Intervention de Pierre Ouzoulias

Commission des lois constitutionnelles, de législation, du suffrage universel, du Règlement et d'administration générale — Réunion du 16 juin 2021 à 9h00
Projet de loi relatif à la prévention d'actes de terrorisme et au renseignement — Examen du rapport et du texte de la commission

Photo de Pierre OuzouliasPierre Ouzoulias, rapporteur pour avis de la commission de la culture :

Merci, au nom de la commission de la culture, de nous avoir permis de nous saisir pour avis de l'article 19, parce qu'il touche directement à la loi de 2008, qui est fondatrice du régime d'accès aux documents historiques et aux archives. La commission des lois du Sénat avait porté le texte de 2008, en la personne du sénateur René Garrec, qui avait une sensibilité très particulière pour tout ce qui touche à la mémoire et à l'histoire - il avait d'ailleurs participé à certaines des grandes heures de l'Histoire de notre pays.

La loi de 2008 portait une triple exigence : le libre accès à toutes les archives ; la compétence du législateur pour définir les régimes dérogatoires ; un rôle interministériel au ministère de la culture dans la gestion, au profit des usagers, des relations avec les autres ministères qui détiennent des archives, comme notamment celui de l'armée et celui des affaires étrangères.

À la suite d'une instruction générale interministérielle, qui a été prise sous la forme juridique d'un arrêté, ces principes ont été remis en question. Cet arrêté, en effet, considère que tout acte classé défense postérieur à 1934 doit être déclassifié avant de pouvoir être communiqué, ce qui a obligé notamment le service historique de la défense à déclassifier un million de pièces, dont certaines, paradoxalement, avaient déjà fait l'objet de publications ! Ainsi, de ce document très secret qui émane de l'état-major particulier du général de Gaulle à Londres, daté du 15 juin 1943 : cette pièce, qui était consultable, était classifiée et, pour être de nouveau communicable, a été déclassifiée par un magnifique coup de tampon apposé sur le document original, par décision n° 502 133 du 23 mars 2020. Cette instruction interministérielle a été attaquée, et le rapporteur public a considéré qu'elle n'était pas fondée en droit. Le Conseil d'État rendra cet après-midi une décision essentielle.
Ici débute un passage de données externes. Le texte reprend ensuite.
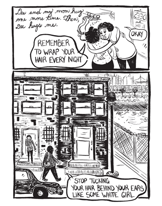 Another interesting artistic choice was to leave everything in black and white. In some of the stories, there is no differentiation in skin colour between white and black characters, but the black characters have detailed curly, dark hair and larger lips. This choice emphasizes the role hair plays in the graphic novel and the characters’ lives.
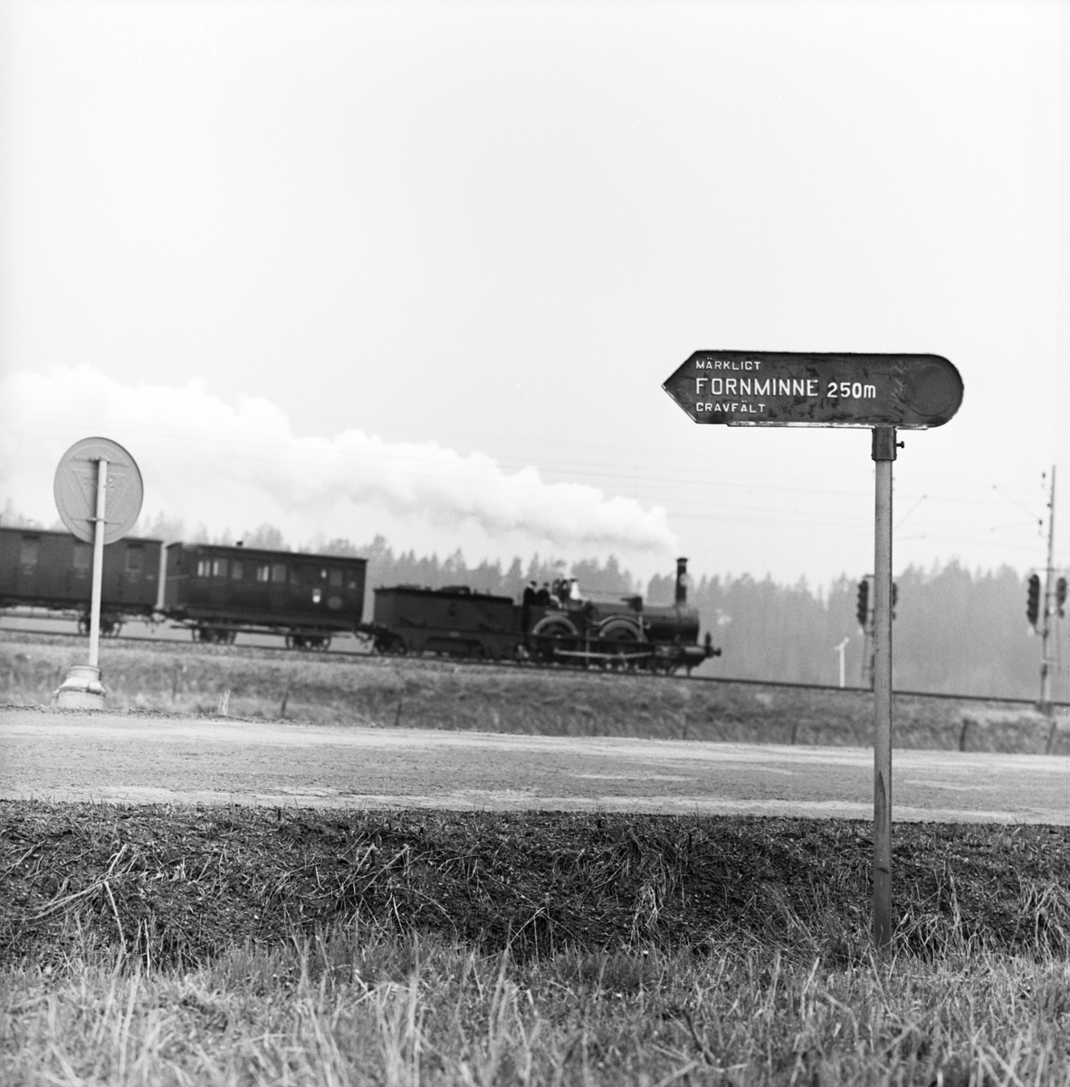 Historiska tågets resa från Stockholm till Göteborg för invigningen av Tåg 62. Sträckan Flen-Katrineholm. SJ B 3 "Prins August". KHJ CD 13. SJ C 182
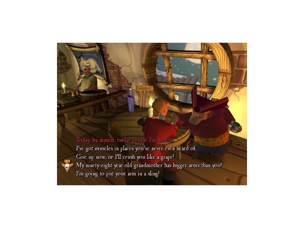 Spitting the sand of Monkey Island from my mouth, I wondered if the life of a mighty pirate was all it was cracked up to be. I'd ignored recent events that should have been warning shots across the bow of my soul, from my wife's brush with death to the anti-pirate ramblings of an Australian gazillionaire. If only I'd chosen a different path, LeChuck might still be dead and the Ultimate Insult might have remained a mystery. If I'd never picked up a sword, the grog-swilling pirates of the Tri-Island Area might be unthreatened by the forces of gentrification and demonic heckfire. If only... suddenly, the hairy finger of a familiar monkey tapped me on the shoulder. It was time. Time for the biggest battle of my swashbuckling life.Fourth in the legendary Monkey Island series of graphic adventures!
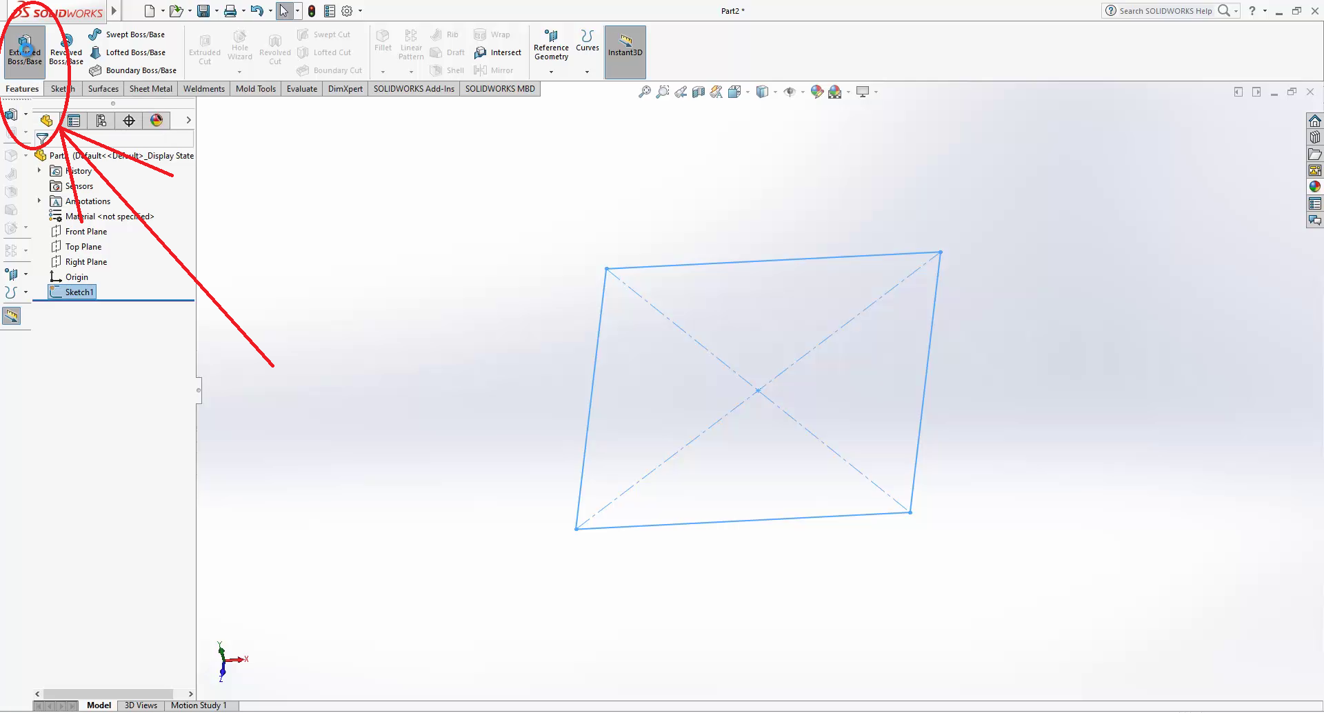 Go to features, then Extruded boss/base.
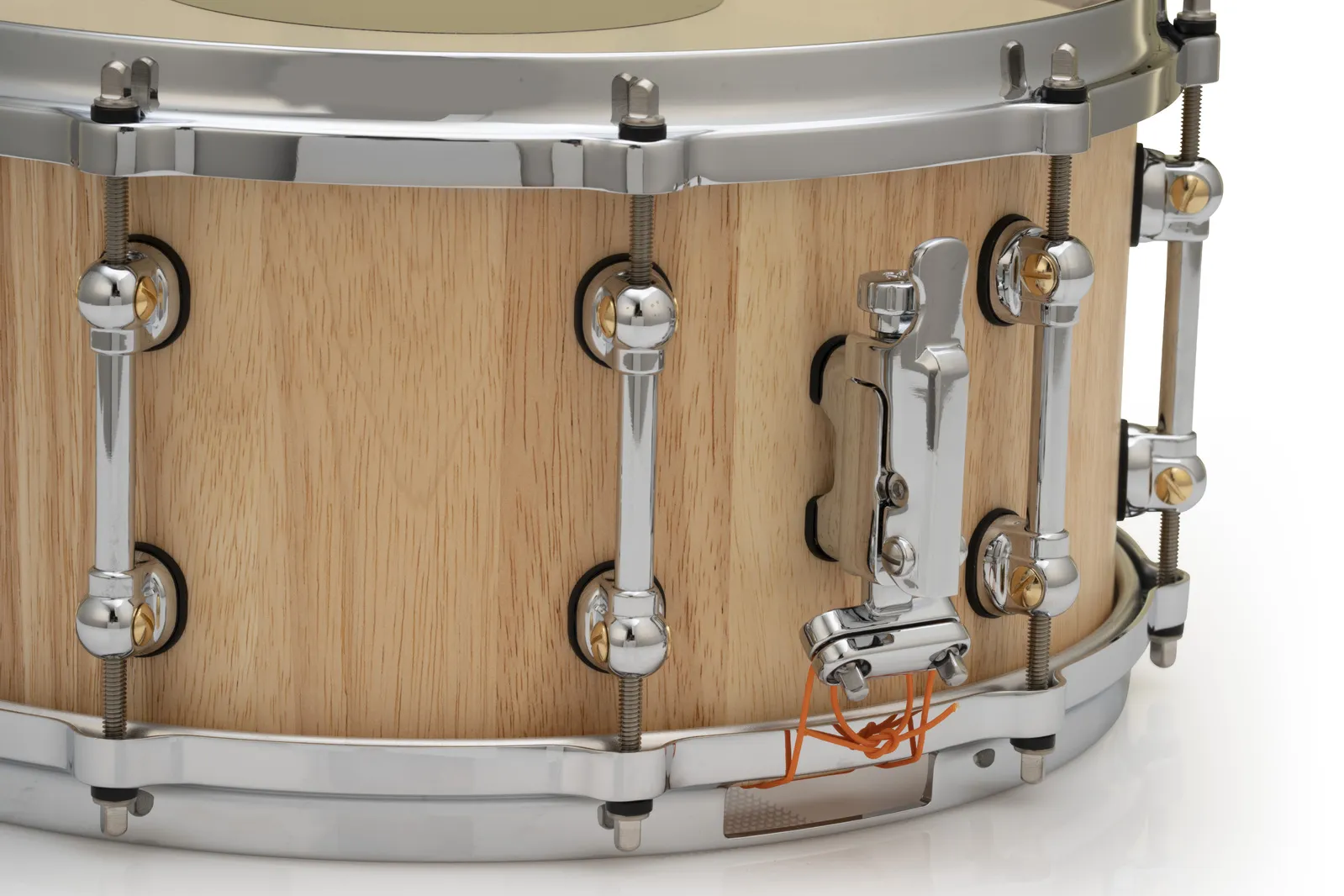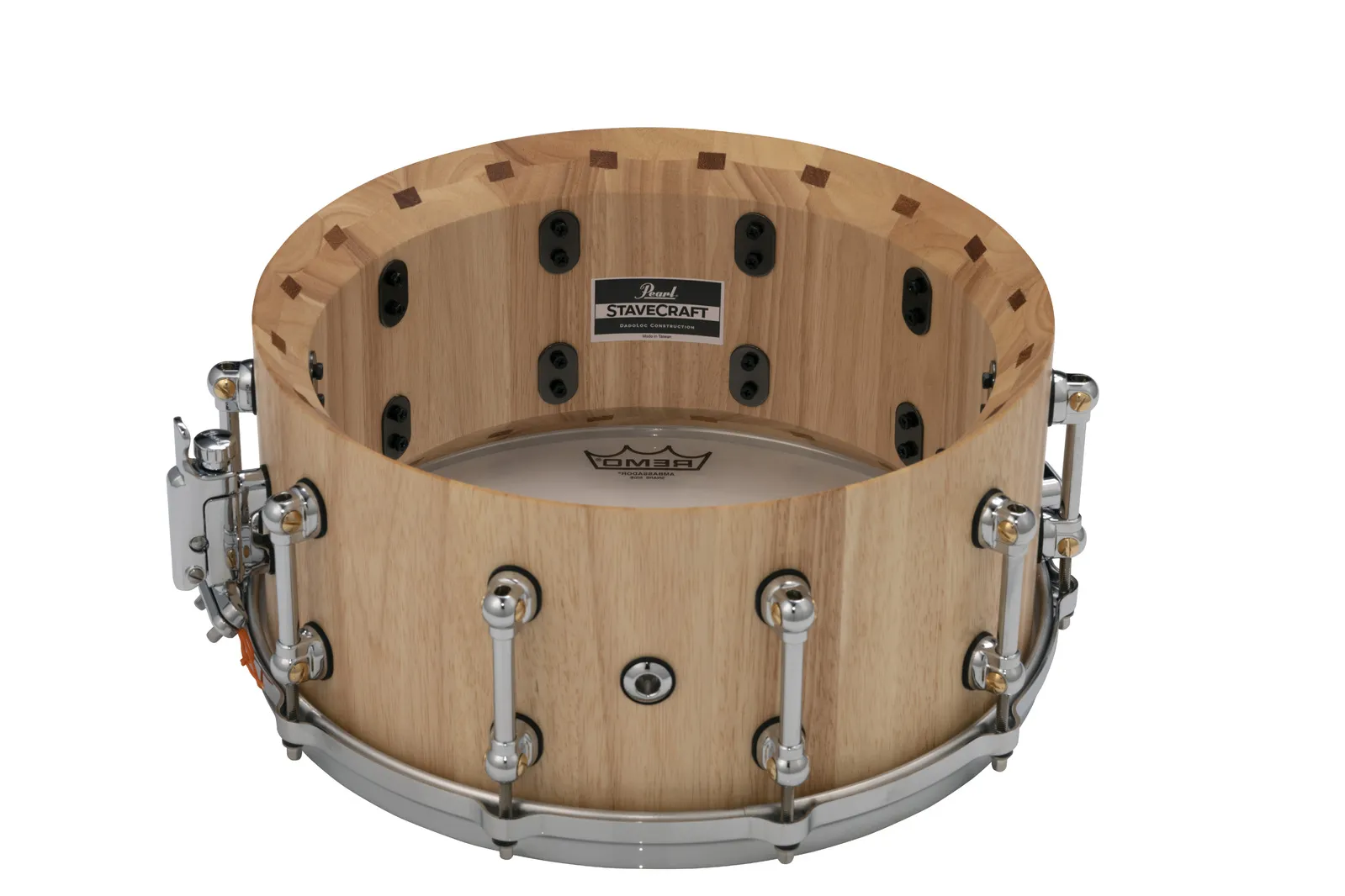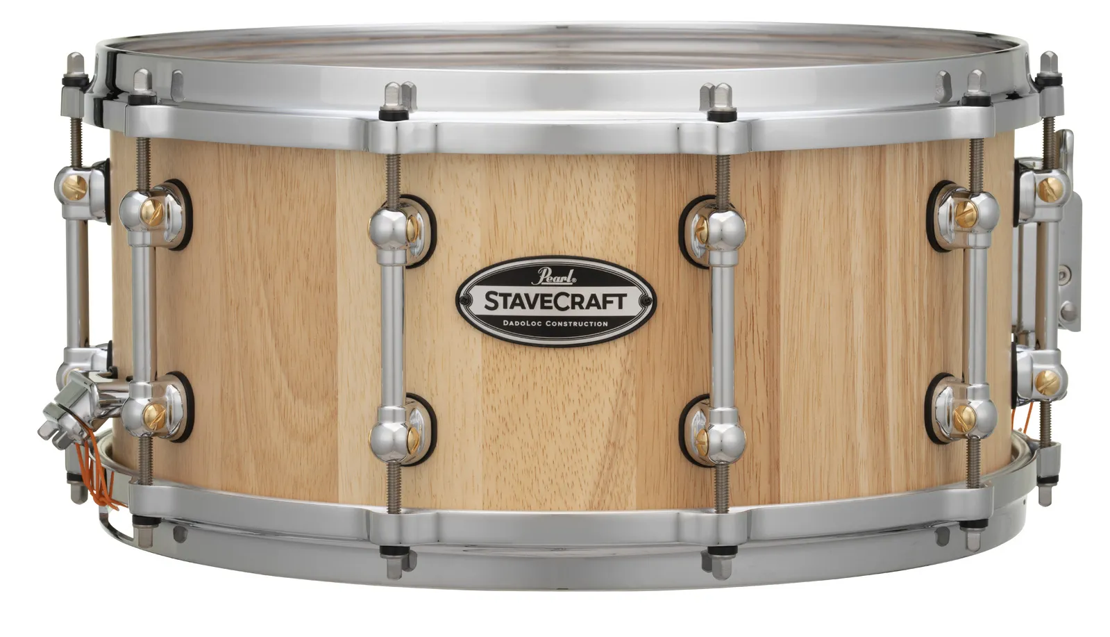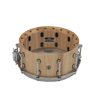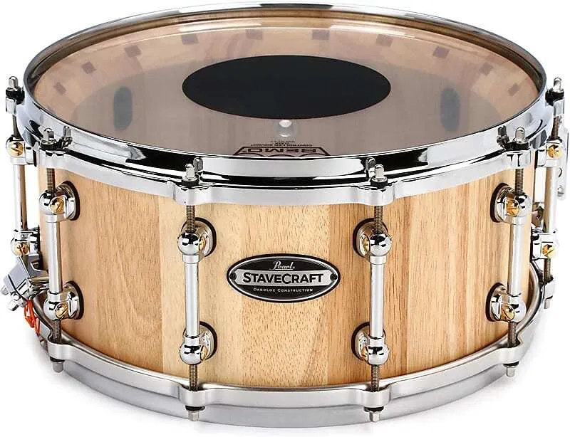 Yielding solid shell tonal snare spike from a bright mix of hardwoods, Pearl's StaveCraft snare drums are the perfect fusion of old-world workmanship and new-school performance. Each 25mm thick shell starts from two layers of meticulously beveled solid Thai Oak staves. Using a principal exclusive to Pearl, an added stave of exotic Makha wood is inserted into the center Dado channel formed by each stave. Like pieces in an intricate puzzle, this "Dado-Loc" joint increases total shell strength by 50%. The shell is then lathed to a perfectly round 25mm thickness, hand finished, and fitted with our Swivel Tube Lugs and MasterCast die-cast counter hoops for added volume and tuning precision. Producing sharp sonic focus and piercing volume for the heavy player, StaveCraft snares are a startling addition to any pro player's drumming soundscape.

Dans les quatre catégories prévoyant des délais plus long avant la communicabilité des documents - qui ne sont pas remises en cause par la commission de la culture - il y a des documents classés, mais aussi des documents non classés, qui jusqu'à présent étaient communicables et qui ne le seraient plus du fait de la création de ces quatre nouvelles catégories. Je pense, par exemple, aux ouvrages hydrauliques de grande hauteur, comme le barrage de Bort-les-Orgues sur la Dordogne : les plans sont librement consultables aujourd'hui, mais ne le sauraient plus demain, à la faveur de ces nouvelles catégories. Ce qui pose problème à la commission de la culture, c'est que les documents classés dans ces quatre catégories pourraient être de nouveau consultables en fonction de délais glissants et qui ne sont pas toujours très bien définis par la loi. Le Conseil d'État a demandé au ministère de la défense de définir des actes positifs permettant de savoir à quel moment ces documents pourraient être consultables.